I went to the beach for 45 minutes in between buses and on my way to the airport. It was a blustery day but great to see it. Must be amazing to relax here in summer.

Unfortunately it was so blustery, and then a dog chased me, so I sought solace in a beach bar with a local Don Gabriel wine and enjoyed the view from there.

I had actually thought about staying here so I could do a morning dip, but I’m glad I didn’t with that weather. On the flight over our captain had said that ‘Faro was broken’ which given the torrential rain showers I experienced in my 24 hours, I’d agree with! 

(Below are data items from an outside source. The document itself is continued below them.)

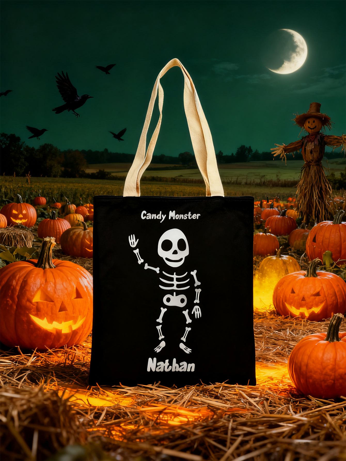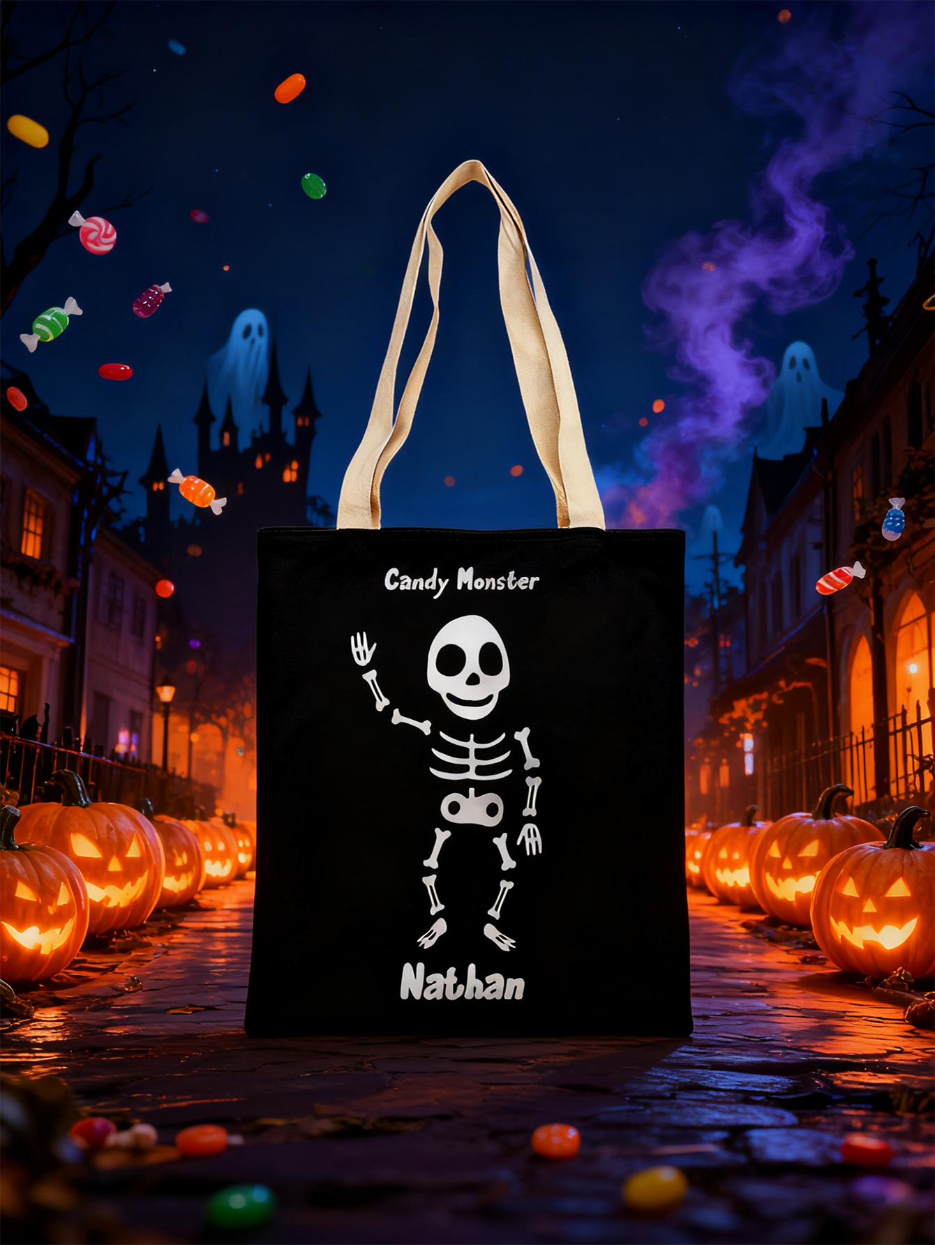 Celebrate Halloween in style with the Custom Halloween Skeleton Candy Bag, the perfect mix of fun, spooky, and practical. Whether your child is going door to door for trick-or-treating, or you’re stocking up on goodies for a Halloween party, this bag is built to handle it all.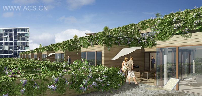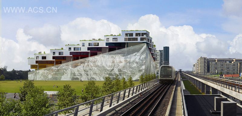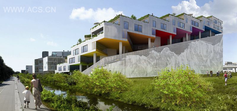 这个项目1/3面积是住宅,2/3的面积用于停车。我们设想,如果将联排住宅安置在停车场之上——如同混凝土的小山上隆起一层层薄薄的住宅,并从11层开始层层迭退,跌落到街道边,情况会如何呢?停车场需要临街,住宅则需要保障日照、通风和视野,因此通过结合这两个规划,设计中所有的住宅都有向阳的屋顶花园,视野宽广,同时,可在住宅同层的停车场空间内就近停车。该住宅山的外观如同流动在一个10层高的空间里的郊外花园住宅社区:与城市忙碌生活及郊区宁静生活都很临近。“山”住宅的 80家住户将成为奥斯塔德首批能在自己家门口停车的居民。大型的停车场内除了有480个车位,还有紧靠内墙设置的坡道电梯。一部分停车场空间净空达到16m,形成如同大教堂般的空间效果。停车场的北立面和西立面都使用了铝制孔板,保证停车场的日照和通风。立面上的所有孔洞一起组成一幅巨大的珠穆朗玛峰图案。白天,这些孔洞形成明亮铝板上的一个个黑洞,巨大的图案看起来如同经过粗栅格化处理的照片。而到了晚上,孔洞中透出室内的灯光,因为各层停车场的灯光颜色不同,从外面看起来如同色彩斑斓的照片底片。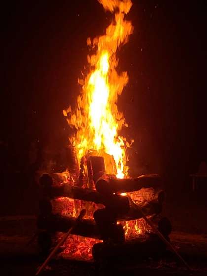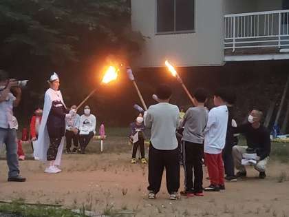 キャンプファイヤー係の子どもたちはリハーサルを行うため18時半頃に集合しました。火の子たちが火の神から炎を渡される場面も上手にリハーサルしました。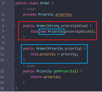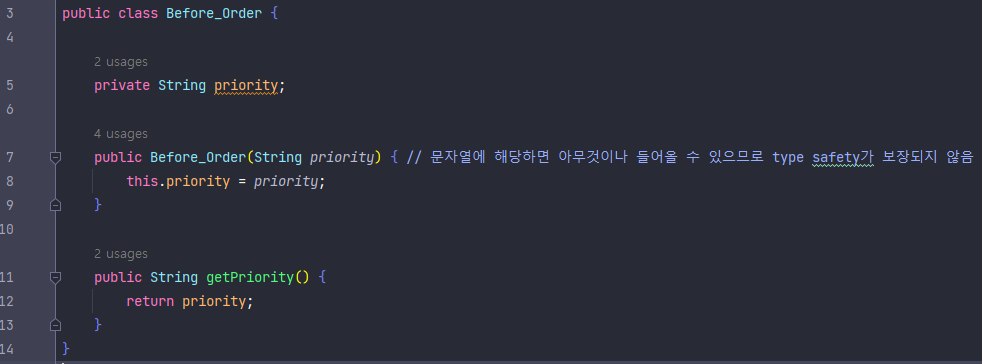 - Order 클래스에서 우선순위를 의미하는 prioirty 필드를 기본 자료형으로 사용하고 있으며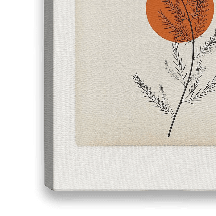 Zweig mit Blättern auf einem orangefarbenen Kreis.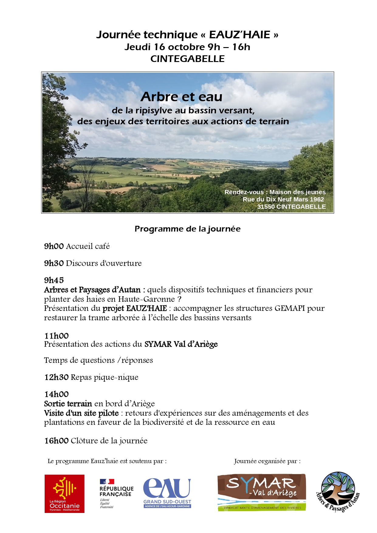 Dans le cadre du programme EAUZ’HAIE, l’association vous invite à une journée technique, organisée en partenariat avec le SYMAR Val d’Ariège.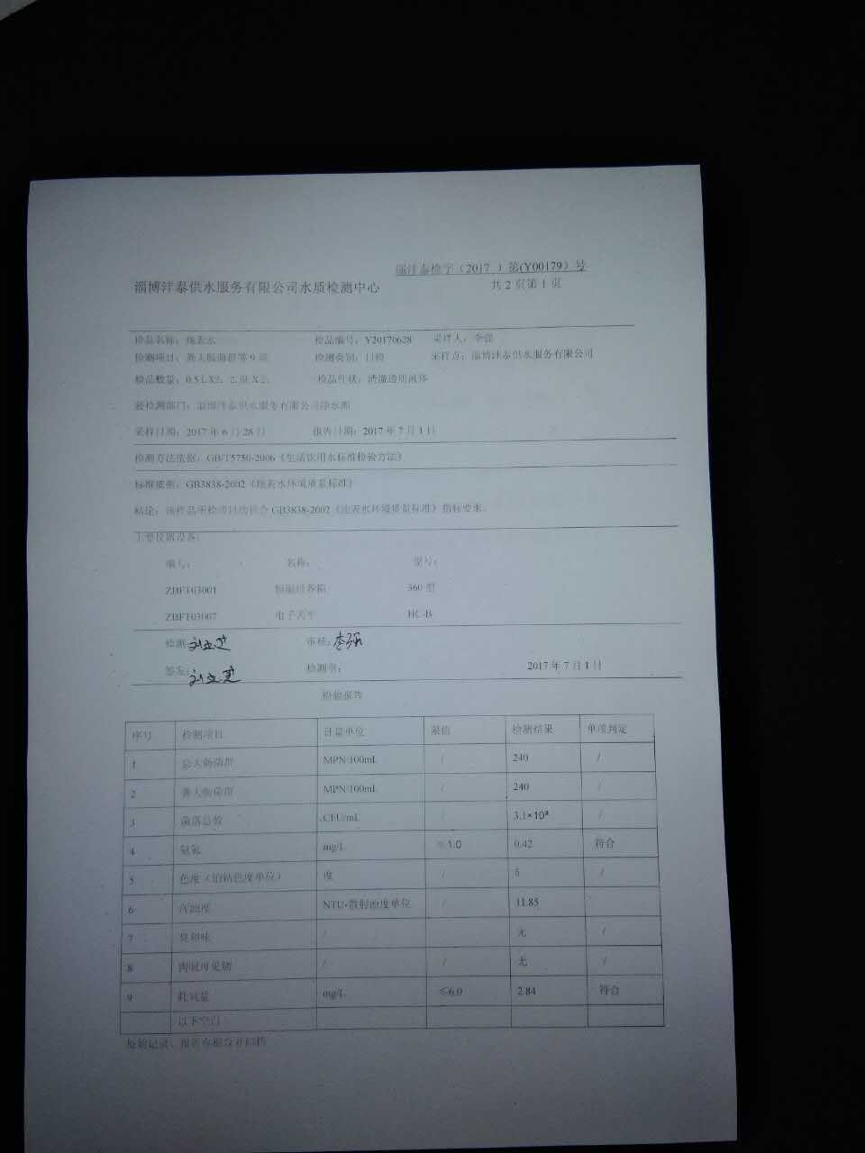淄博灃泰供水服務(wù)有限公司地表水檢測(cè)日?qǐng)?bào)表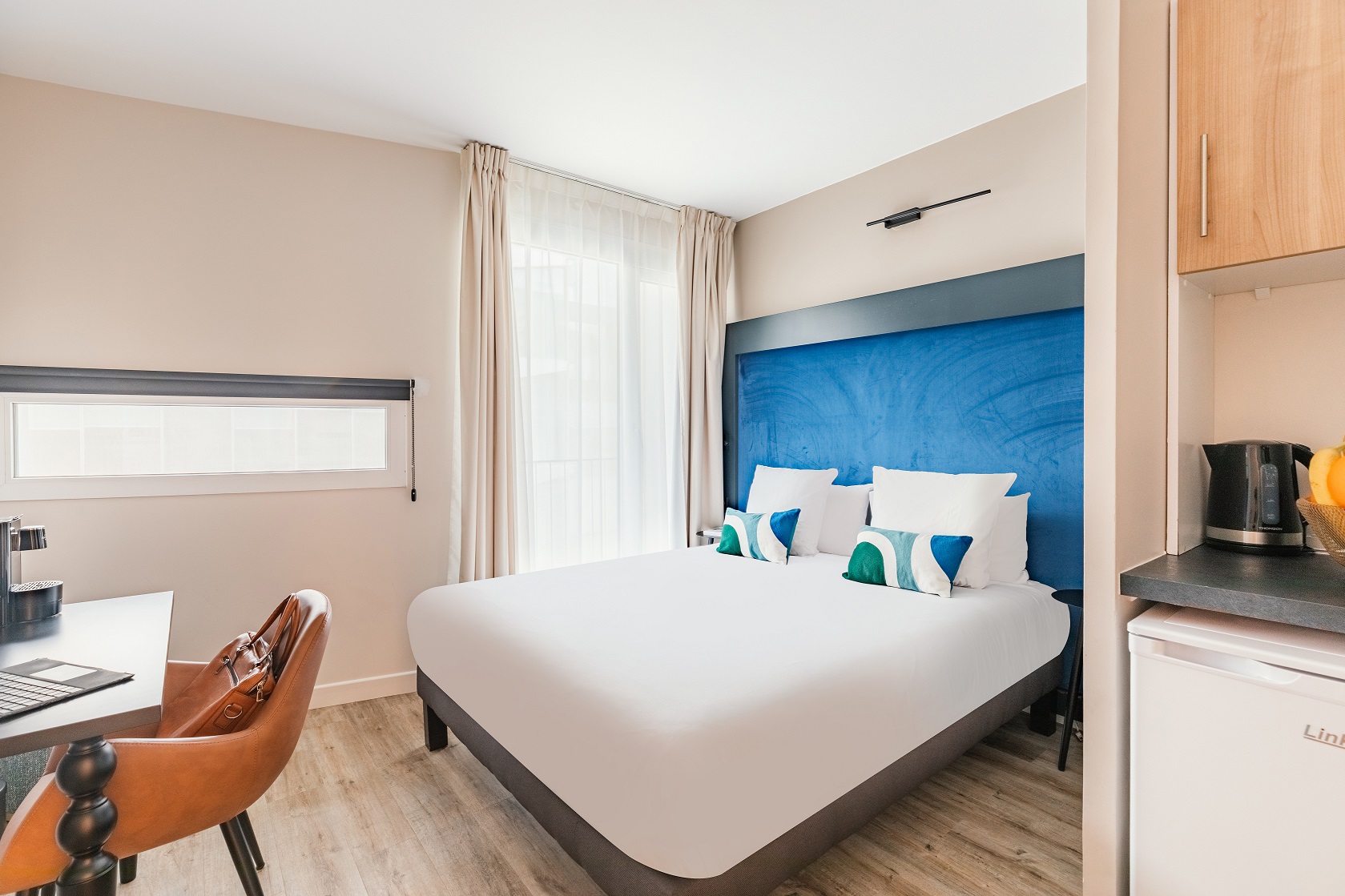 Un espace bureau est disponible dans tous nos Appart’ ainsi que le wifi gratuit.

Tried and tested tips for Faro 


  • CITY TAX – You need two euros for city tax 
  • TAXIS DON’T TAKE CARD – my journey from Faro Airport to Hotel Faro was €15 but I had to get it from an ATM (I rarely carry money!).
  • WEATHER CAN BE CHANGEABLE in MARCH – the weather is changeable! Pack your sunglasses and your rain jackets. 
  • THE AIRPORT BUS IS EASY – the number 16 bus goes to the beach as well as the airport, it’s worth a visit for a drink on the beach if you have time. The bus was €2.90 from the bus station to the airport. 
  • THERE ARE MANY CENTRAL HOTELS – I stayed at the Faro Hotel and Beach Club, which would be better in season, when the pool is open.

What I spent on my day in Faro 

  • Walking tour = £13 (€15)
  • Taxi = £13 (€15)
  • Hotel with breakfast and sauna = £103
  • Lunch at Tertúlia Algarvia = £12.29
  • 2 bus trips = £4.72
  • Dinner = £19.54
  • Sardines = €5
  • Pastel de nata = €2

Where I stayed in Faro

I stayed at the Hotel Faro Beach Club. I specifically chose this hotel for its year round swimming pool as it boasted on Booking.com. I checked the website, the week before when I booked, all good. 

I turn up and the pool isn’t open. I was pretty annoyed about this to be honest as I could’ve just stayed at a €50 hotel instead of forking out the €100 for this one. 

Apart from that, it was a decent hotel. A few quirks with the lift, and I felt like they gave me a pretty shitty room next to a men’s toilet with a few of the roof, but I slept well and the breakfast spread was good. I went and asked for the Turkish sauna to be turned on and he did it efficiently. Really enjoyed my time in there. It was also in a great location and they stored my bags safely after checkout. You could also try Eva Senses over the road as that looked pretty good too.